Ironically, the Leo/Aries theme that began in my childhood and remains an echo in my adult life, manifests in my daughter’s relationships right now.

Silly Girls

This week, Elizabeth had Lindsay over for a play date. They spent a glorious afternoon romping through the house, playing with their Littlest Pet Shop guys (there is a whole new line of really cute ones), eating the homemade chocolate chip cookies Leslie made for them, and talking about Elizabeth’s birthday which is coming up. We have big plans for a trip to the flagship “Build-A-Bear Workshop” store on Fifth Avenue in New York City. Leslie and Elizabeth dropped Lindsay off, and she left a bag of her things behind in the van. I went through that bag and found two of Elizabeth’s Nintendo DS video game cartridges and a tin of truffles, neither of which Elizabeth gave her.

Uh oh.

Talk about your breach of friendship etiquette.

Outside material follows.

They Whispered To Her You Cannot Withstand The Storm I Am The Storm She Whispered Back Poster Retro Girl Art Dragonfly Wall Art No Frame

Assuming Lindsay took her things; Elizabeth immediately jumped to conclusions and spent the next two hours fuming. Her eyes were hurt, her mouth was scrunched up tight, and she made incredulous miff and sniff sounds repeatedly. How could Lindsay do that to her? Why did such a wonderful play date have to end that way? Worse, what will this horrible breach of friendship etiquette do to Elizabeth’s birthday plans?

We got home, and Leslie and I headed toward a paint project in the basement. We asked Elizabeth to join us, but she was preoccupied. Our 10 year disappeared into the study and into deep thought.

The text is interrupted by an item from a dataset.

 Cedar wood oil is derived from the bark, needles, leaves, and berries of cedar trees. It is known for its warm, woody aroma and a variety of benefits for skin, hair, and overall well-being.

An hour later the issue was resolved.

Rather than get on the phone with Margie to conspire, Elizabeth thought about the problem, and then called Lindsay directly. In a non-confrontational manner, she mentioned she found two video games in Lindsay’s bag. Lindsay, completely innocent, thought they must have fallen out when they were playing and put Elizabeth’s game bag in there.

Of course.

Then, Elizabeth brought up the truffles.

“Why did you take that tin, Lindsay?” she asked calmly, “I said you couldn’t have
it. I collect them.”
“But, I wanted it,” Lindsay squeaked in a tiny, captured voice that revealed so much about her child-like heart.

“You know, Lindsay, stealing isn’t what friends to do one another,” said my daughter, the self-possessed Aries and self-appointed Teacher of Friends.

For a moment there was silence.

And then …

“I know,” Lindsay said in an even smaller voice, “I’m sorry.”

Completely satisfied with Lindsay’s apology, Elizabeth gave the issue no further thought. The birthday trip to New York City is perfectly intact, and Elizabeth is going to Lindsay’s house tomorrow afternoon for another play date.

I am in awe. Elizabeth handled a conflict with one of her best friends with complete confidence and calmness. When I have to deal with an issue like this with someone from the past, I frequently run smack headlong into a wall of my own emotional anguish. It chokes me, and robs me of my objectivity. I have to work very hard to push beyond it.

“Elizabeth,” I asked, “how do you know Lindsay is telling the truth?”

She looks at me like I’ve suffered an Alzheimer’s moment, which, by the way she sees plenty of at her great-grandmother’s rest home.

“I know when Lindsay is lying, Nana,” she says with obvious inflection, “she was telling the truth.”

Our Aries daughter trusts her instincts.

How lucky this child is to have the unconditional love and support of her parents.

And how lucky are we to have a well adjusted, self-possessed Aries child to show us how it's done.